Once you find the line below that has "BK 남성용 360g", output it and every line after it exactly, stopping after the line that has "وأوضح الجغبير أن", with no pictures.

#### DATASET RECORDS

+++

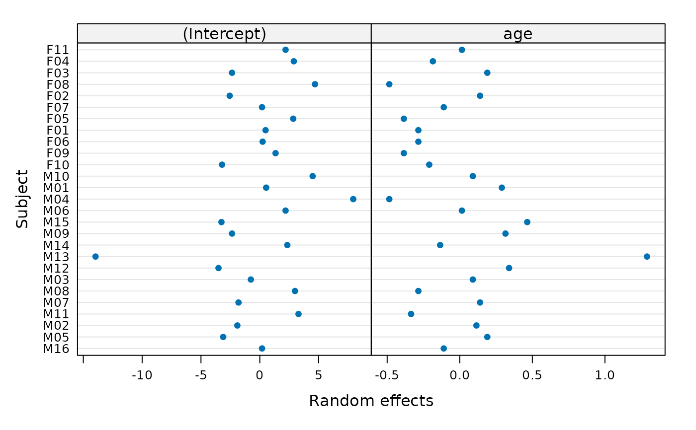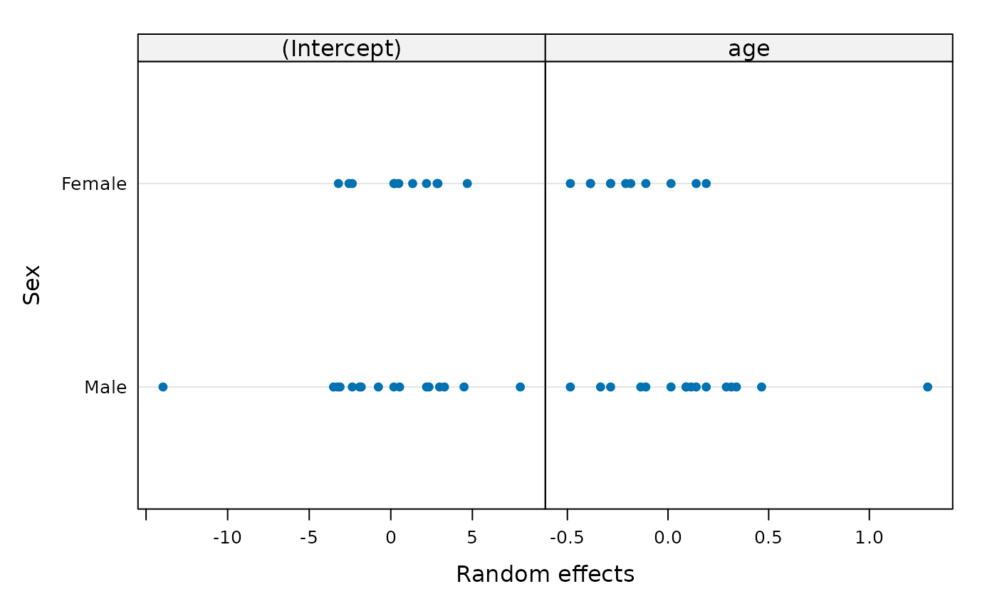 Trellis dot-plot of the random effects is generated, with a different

+++

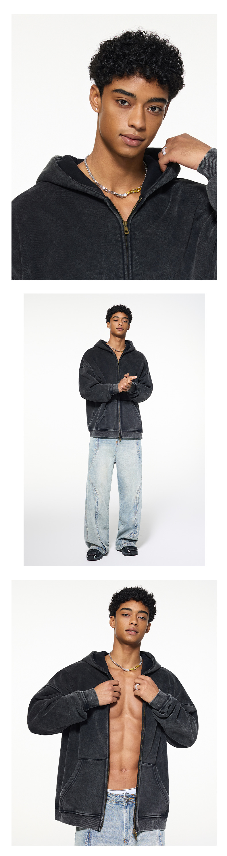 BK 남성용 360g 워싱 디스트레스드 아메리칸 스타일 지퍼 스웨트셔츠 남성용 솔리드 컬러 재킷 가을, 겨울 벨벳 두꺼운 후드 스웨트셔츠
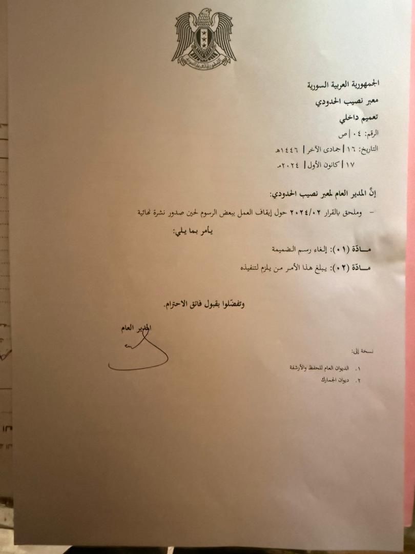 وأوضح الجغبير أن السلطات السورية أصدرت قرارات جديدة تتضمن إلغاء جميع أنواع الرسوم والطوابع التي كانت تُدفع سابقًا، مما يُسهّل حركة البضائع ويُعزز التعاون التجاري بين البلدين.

+++

#### TASK ANSWER
 BK 남성용 360g 워싱 디스트레스드 아메리칸 스타일 지퍼 스웨트셔츠 남성용 솔리드 컬러 재킷 가을, 겨울 벨벳 두꺼운 후드 스웨트셔츠
 وأوضح الجغبير أن السلطات السورية أصدرت قرارات جديدة تتضمن إلغاء جميع أنواع الرسوم والطوابع التي كانت تُدفع سابقًا، مما يُسهّل حركة البضائع ويُعزز التعاون التجاري بين البلدين.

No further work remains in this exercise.